Marzipanstollen for a White Christmas


White Christmases in the Pacific Northwest are rare, far in between, and possibly just a myth. So when Christmas presents no snow, one can simply make their own (and arguably, much sweeter) White Christmas with layers of powdered sugar.


Marzipanstollen has always been a favorite holiday season food. It’s full of nuts, dried fruit and a log of marzipan, together making stollen a substantial, buttery snack for cold days. We’ve always purchased loaves from bakeries and stores, but when I found a cheap packet of marzipan earlier this season, I decided it was time to attempt baking it myself!

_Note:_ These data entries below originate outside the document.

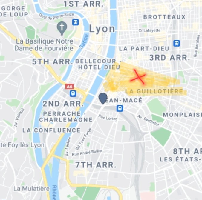 Le quartier qui nous intéresse aujourd’hui se situe à Lyon, dans le département du Rhône, en France. La Guillotière est ce quartier situé dans le 7ème arrondissement lyonnais, au centre de la ville, entre la rive gauche du Rhône, le quartier de la préfecture, le grand parc Blandan et le chemin de fer de la gare Jean Macé. Le conseil de quartier de la Guillotière est officiellement délimité à l’ouest par le Rhône, au nord par le cours Gambetta, à l’est par le boulevard des Tchécoslovaques et au sud par la rue de l’Université, la rue Marc-Bloch, la rue Domer, la rue du Repos et la rue de l’Épargne (voir l’image ci-dessous).
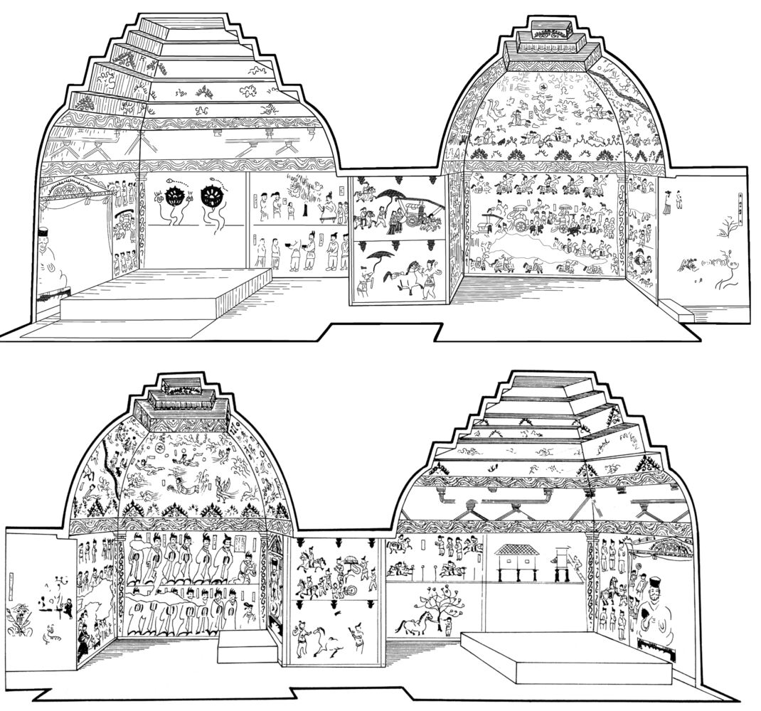 Sul soffitto erano raffigurati il sole, la luna e le stelle, gli immortali taoisti, gli animali mitici, gli uccelli di buon auspicio, le erbe sacre e le nuvole alla deriva per rappresentare il mondo celeste in cui sarebbe entrata l'anima del defunto. Le scene di vita quotidiana raffigurate sulle pareti e il mondo celeste raffigurato sul soffitto si combinavano per creare un microcosmo dell'universo all'interno della tomba. Tali rappresentazioni sembrano derivare dalla convinzione che la ricchezza e la prosperità del defunto si sarebbero estese nell'aldilà.
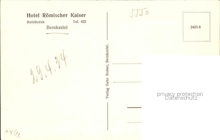 72094470 BERNKASTEL-KUES Berncastel Rheinland-Pfalz Hotel Roemischer Kaiser Blick ins Moseltal postalisch nicht gelaufen Erhaltung siehe scans KatCode: 11110007231008

Adapted from David Lebovitz and Frugal Feeding.

Makes 4 mini loaves.

For the starter
1 envelope (0.25 oz, 2 1/4 teaspoons) instant dry yeast
1/2 cup milk, warmed
1 cup flour

For the fillings
2/3 cup raisins
2/3 cup golden raisins
1/2 cup dried cranberries
1/3 cup orange juice

1 cup walnuts, chopped

7 oz. marzipan (Potential sources: Odense or IKEA)

For the dough
3 cups four
3 tablespoons sugar
1 teaspoon salt
2 teaspoon ground ginger
1 teaspoon cinnamon
1 teaspoon nutmeg
1 teaspoon orange zest
1 teaspoon vanilla extract
1 cup unsalted butter, melted
1 tablespoon honey
1 egg yolk

To finish up
Powdered sugar, per individual preference: ~1/2 – 3/4 cup

Begin by preparing a starter: In a small bowl, combine and stir together warmed milk with yeast. Add 1 cup flour and stir until evenly mixed. Cover and leave to rise for one hour.

Meanwhile, combine raisins, dried cranberries and orange juice in a separate bowl. Cover and leave to sit for one hour.

After an hour has passed, combine 3 cups flour, salt, sugar, ground ginger, cinnamon, nutmeg, orange zest and walnuts in a large bowl. Add in the vanilla extract, melted butter, honey and egg yolk, and mix until well-distributed. Mix in the starter, followed by the orange juice-soaked dried fruit mixture. Fear not, the dough should not be smooth, but rather a bit clumpy. Pour out contents of the bowl and knead the dough several times. Return dough to bowl, cover and leave to rise for one hour.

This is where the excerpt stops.